Task instructions: From the line containing "Количката впечатлява с" through the last line of the entries below, print each line exactly. Pictures stay out.

Data extracts:
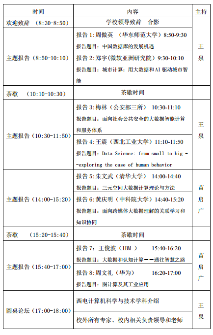 本次研讨会围绕大数据共性关键技术,如大数据生态与系统、大规模并行数据库、流式计算与内存计算模式、大数据分析调度与优化、大数据知识图谱、大数据智能挖掘处理算法、大数据可视化、大数据安全与隐私保护、大数据分布式计算与深度学习、智能视觉大数据、生物大数据挖掘等核心内容,邀请国内外高等院校、研究院所和知名互联网企业等大数据领域知名专家与学者到会,通过主题报告、圆桌论坛(Panel)和交流沙龙等形式,组织校内外师生共同进行深入探讨和交流,分享大数据分析领域的理论研究和核心技术新进展,促进我校大数据相关学科领域更好地建设和发展,扩大我校“计算机科学与技术”一流学科的知名度和影响力。
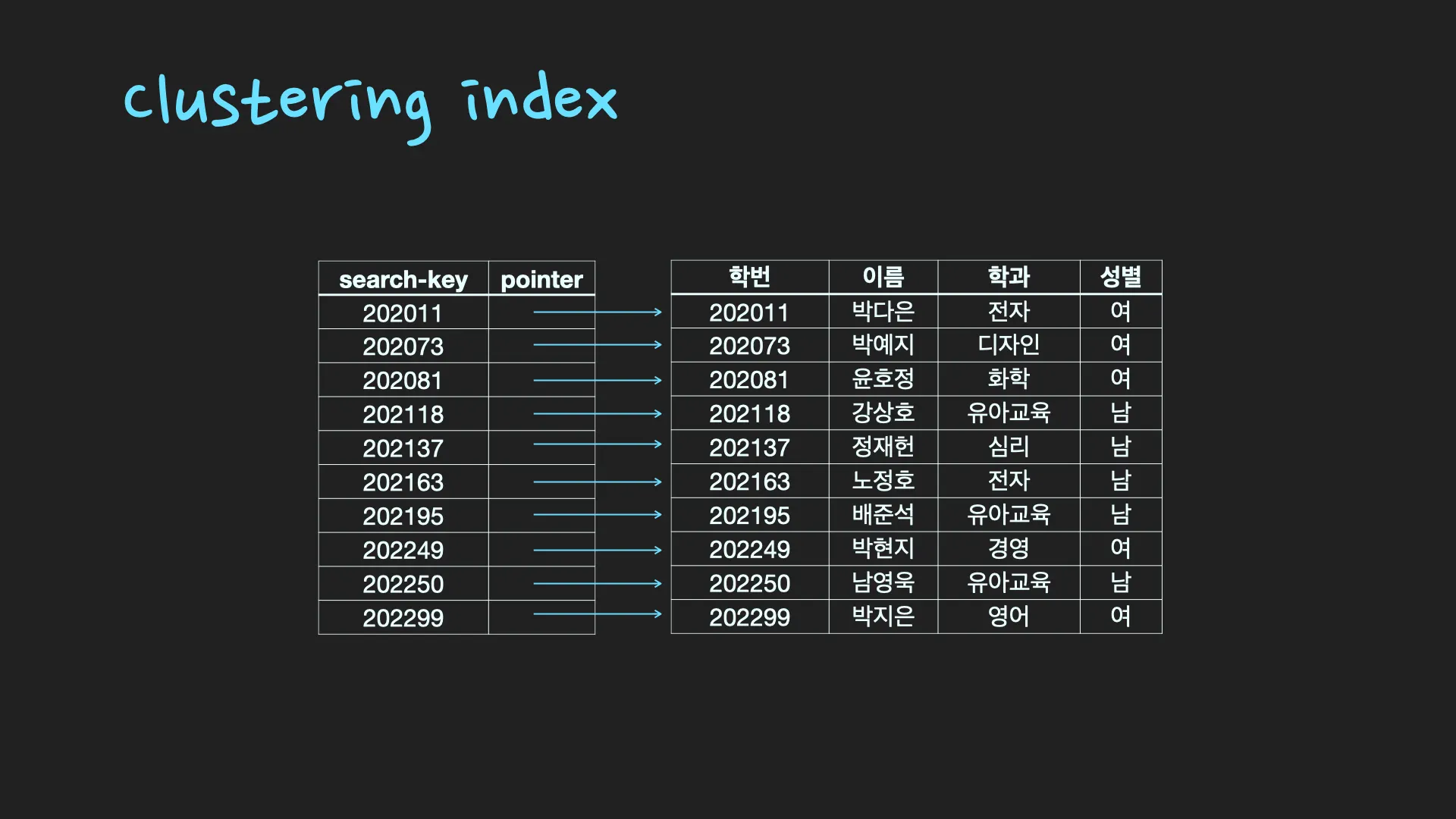 정리해보면 특정 column을 search-key 값으로 설정하여 index를 생성하면, 해당 search-key 값을 기준으로 정렬하여 (search-key, pointer)를 별도 파일에 저장합니다. 이를 index라고 합니다.
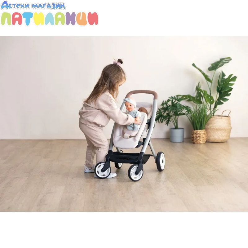 Количката впечатлява с модерен дизайн, вдъхновен от истинските бебешки колички, и предлага удобство при управление. Леката и стабилна конструкция я прави лесна за бутане, а ергономичната дръжка осигурява комфорт по време на игра.
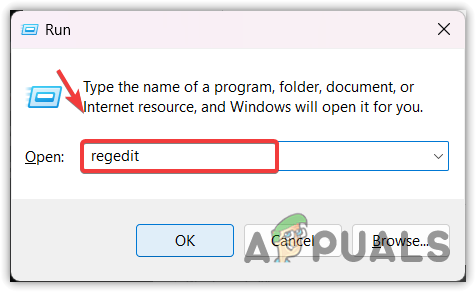2. Type regedit in the search box and click OK to open the registry editor. Opening Registry Editor
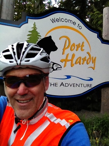 Arrived in Port Hardy, the top of Vancouver Island, having made it here from Metchosin, the most southern part of the island. My feeling on pedaling in was not so much a sense of accomplishment but a feeling that I did not want to stop. The 46 km from Port McNeill to Port Hardy, which I started at 6 pm, is smoothly paved and there were maybe a dozen cars that passed the whole time. It does seem like Canadian dinner time makes for the most tranquil time to ride. I am told it was unusual to make the run from Campbell River to Port Hardy with just a few showers.
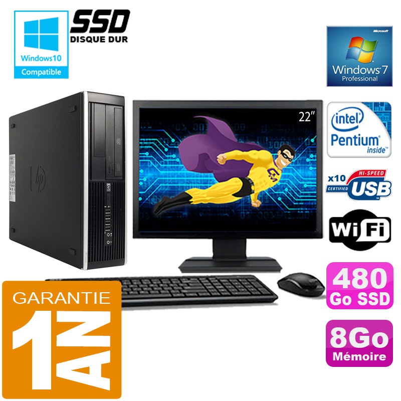 PC HP Compaq 8300 SFF Intel G850 Ram 8Go Disque 480 Go SSD Wifi W7 Ecran 22"

Response area:
 Количката впечатлява с модерен дизайн, вдъхновен от истинските бебешки колички, и предлага удобство при управление. Леката и стабилна конструкция я прави лесна за бутане, а ергономичната дръжка осигурява комфорт по време на игра.
2. Type regedit in the search box and click OK to open the registry editor. Opening Registry Editor
 Arrived in Port Hardy, the top of Vancouver Island, having made it here from Metchosin, the most southern part of the island. My feeling on pedaling in was not so much a sense of accomplishment but a feeling that I did not want to stop. The 46 km from Port McNeill to Port Hardy, which I started at 6 pm, is smoothly paved and there were maybe a dozen cars that passed the whole time. It does seem like Canadian dinner time makes for the most tranquil time to ride. I am told it was unusual to make the run from Campbell River to Port Hardy with just a few showers.
 PC HP Compaq 8300 SFF Intel G850 Ram 8Go Disque 480 Go SSD Wifi W7 Ecran 22"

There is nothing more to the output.